Another thing that lends the strongest support to this conclusion is the fact that none of the Christian writers before Irenaeus knows anything of a stay of the Apostle John in Asia Minor; and yet this same John, who on the occasion of the meeting of Paul with the original apostles at Jerusalem (Gal. ii. 1-10 and Acts xv.) appears by the side of Peter and James (the brother of Jesus) as one of the three pillars of the first community, is one of the most important persons in primitive Christianity.

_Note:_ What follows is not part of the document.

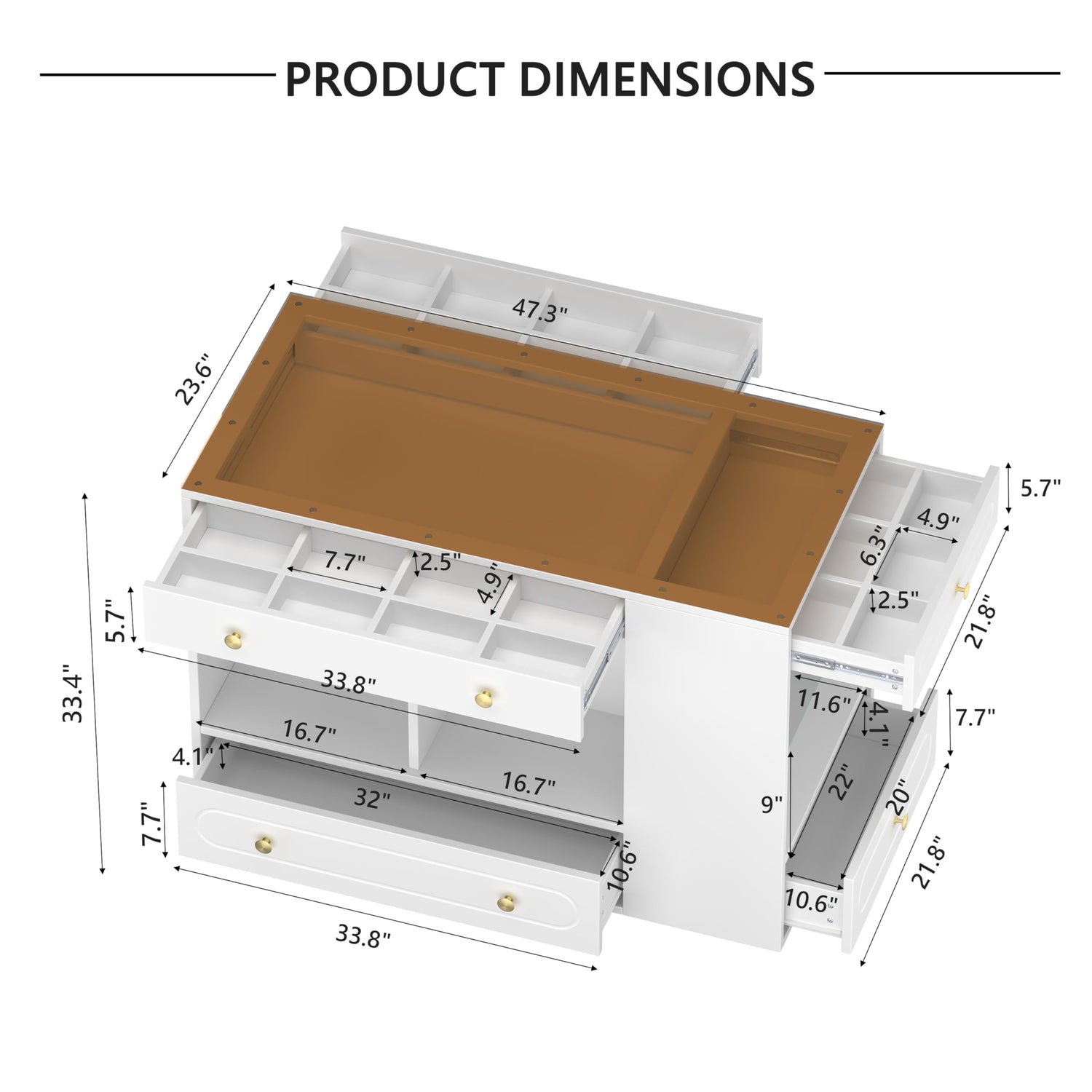 - Durable & Sturdy:Crafted from high-quality MDF, particle board and thick tempered glass, this island is built to last. Its sturdy construction ensures long-term durability and reliable support for daily use. Overall Product Dimension: 47.3"L X 23.6"W X 33.4"H. Our walk-in closet island comes with labeled parts and clear instruction, making assembly a breeze.

We will point to one fact only. When Paul took fare well of those who presided over the community at Ephesus (Acts xx. 29), he prophesied that after his departure fierce wolves would force a way in and would not spare the flock. This farewell address was not actually so delivered by 175Paul, but was composed by the author of the Acts (between about 105 and 130) in accordance with his own ideas a liberty which every ancient historian took with the speeches of his heroes, and which no one thought wrong, seeing that the most famous of the Greek historians, Thucydides (about 400 B.C.), expressly declares (I. xxii. 1) that he followed this plan in his work because it would have been an impossibility to have reported the exact words of the speeches as delivered. But how could the author of the Acts of the Apostles, who was as full of a feeling of veneration for the original apostles as he was for Paul, have introduced into Paul’s speech so unfriendly an utterance about his successors, if he had any idea that the most important and influential of these was the Apostle John? But, further, if it be supposed that Paul actually made the utterance, without, of course, having any idea of the person of his successor, how could the author incorporate it in his book, and thus seriously impede his own main purpose—that of showing the unanimity subsisting between Paul and the original disciples—instead of quietly ignoring it, as he does so much that is unfavourable to the original apostles and their adherents (so we learn from the Epistles of Paul; e.g., Gal. ii. 11-21; i. 6 f.; vi. 12 f.)?